Dans une chambre de repos mise à la disposition des passagers par les Scandinavian Airlines, il avait pris une douche et s’était rasé.

Deux heures plus tard, somptueusement enfoncé dans un fauteuil de première d’une Caravelle de la Scandinavian, il décollait pour Vienne. Même le repas gastronomique n’avait pas réussi à lui rendre son allant. C’était pourtant bon de retrouver la viande cuite à l’européenne, du vin vieux – il avait vidé presque entièrement une bouteille de Mouton Rothschild 1955 – et le service impeccable d’un grand palace.

Quand le Jet de la Scandinavian s’était posé sur l’aéroport de Schwechat, l’angoisse qui le tenait depuis son décollage de New York ne s’était pas atténuée. Pourtant, à Vienne, il était presque chez lui. À travers les vitres, il avait aperçu la haute silhouette de son factotum, le fidèle Elko Krisantem, venu l’attendre à l’aéroport au volant de la Jaguar Mark 10.

Il avait scruté les visages de ses compagnons de voyage et ceux des gens qui attendaient. Les Russes étaient déjà sur ses traces probablement. Il disposait au plus de quelques heures d’avance.
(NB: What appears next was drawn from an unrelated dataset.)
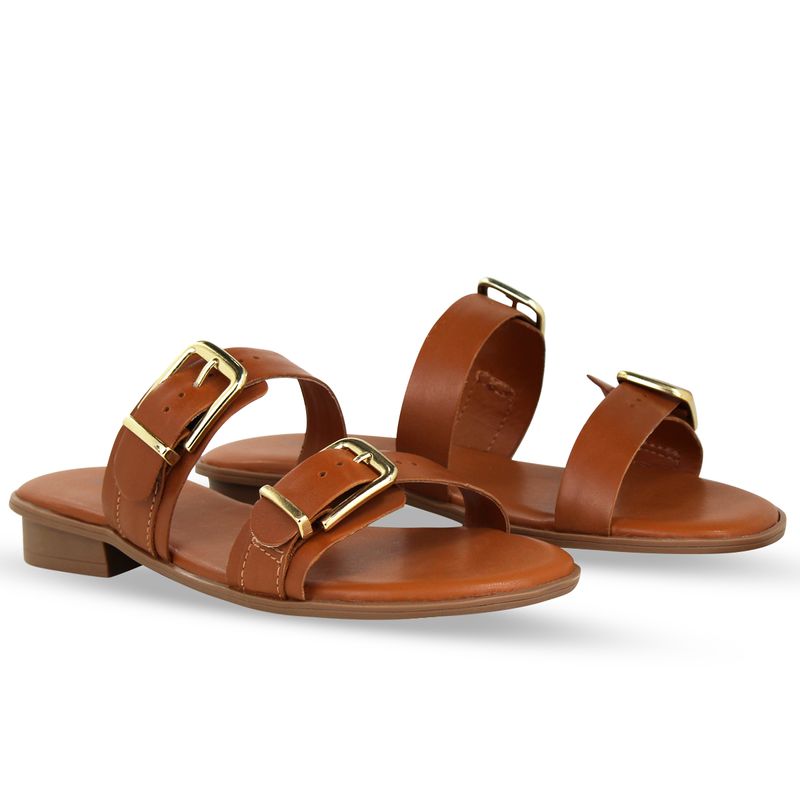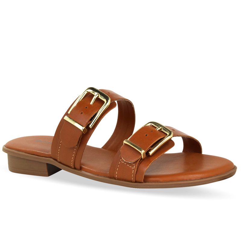 Sandália rasteira em couro atanado napoli caramelo. De solado rasteiro. Tiras ajustáveis sobre o pé com fivela de metal dourada.

Au moment où il sortait de l’aéroport, il aperçut de dos, montant dans une grosse Mercédès noire, une silhouette qui éveilla un souvenir dans son étonnante mémoire. Mais il n’eut pas le temps de confirmer son impression : la voiture avait démarré rapidement. Il garda seulement l’image d’un morceau de cuir noir, vêtement communément porté en Autriche, surtout par le froid qui régnait.

Les formalités de douane et de police expédiées rapidement il se retrouva dans le petit hall, pour serrer la main du Turc qui attendait, la casquette à la main.

Très stylé. Elko Krisantem n’avait pas posé de question. Sa casquette et sa longue redingote grise en faisaient un chauffeur de grande classe. Qui aurait reconnu un des tueurs à gages les plus prospères d’Istanbul ?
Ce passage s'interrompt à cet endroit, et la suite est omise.